Ainda que cambaleando, agora sim a internet estava num novo campo de aplicação – o mercado de consumo de massa.
O inicio não foi fácil. Berners-Lee, Andreesen e Bezos tiveram que enfrentar ceticismo e desconfiança em suas áreas de atuação. Parte da área acadêmica, por exemplo, acreditava que a internet iria acabar no momento em que se tornasse “comercial”.
Semelhante a diversos pioneiros, Bezos juntou um pouco de teimosia e internalizou uma visão que o ajudou a seguir em frente. Para você dar certo no digital, você tem que oferecer algo que é impossível de ser feito no off-line.

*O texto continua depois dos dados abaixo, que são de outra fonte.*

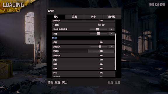 《绝地求生:大逃杀》设置为极致特效,分辨率1920*1080
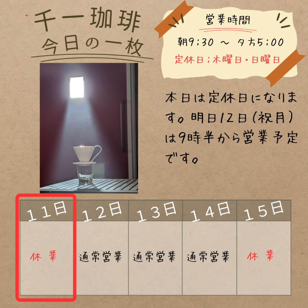 2026年1月11日 本日1/11(日)は定休日でお休みです💤 おはようございます。 誠に勝手ながら、本日は定休日とさせていただきます。 3連休の中日、ご来店を予定されていたお客様には大変申し訳ございませんが、何卒ご了承くださいませ。 **明日1月12日(月・祝)**は、朝9時半から営業する予定です! 成人の日の祝日、皆様の休日のひとときに美味しいコーヒーをご用意してお待ちしております。 どうぞ素敵な日曜日をお過ごしください。 また明日、皆様にお会いできるのを楽しみにしております。 岡部千信 千一珈琲の店主

Na Amazon, cada vez que você entra, a loja oferece um portfolio personalizado. Qual loja física oferece isso para você – uma prateleira customizada a cada vez que você entra?
Esse conceito foi absorvido de tal forma pela Amazon que foi aplicado em outros produtos. No Kindle, leitor de ebook, você pode fazer buscas internas nos livros. Algum livro de papel permite fazer isso?
Em suma, o digital deve fazer coisas que o analógico não consegue, caso contrário não existe razão de ele existir, segundo Bezos.
Parte dessa visão e outros conceitos do fundador da Amazon estão condensados na biografia, One Click: Jeff Bezos and the Rise of Amazon.com (Portfolio Hardcover Editora/ 224 páginas).
Inédita no Brasil, a biografia é escrita por Richard L. Brandt, mesmo autor de The Google Guys, um dos melhores relatos sobre a história dos fundadores da Google.
Bezos (foto acima) e os fundadores da empresa de busca fazem parte da mesma geração de executivos que emergiram durante o burburinho tecnológico dos anos 80 e 90.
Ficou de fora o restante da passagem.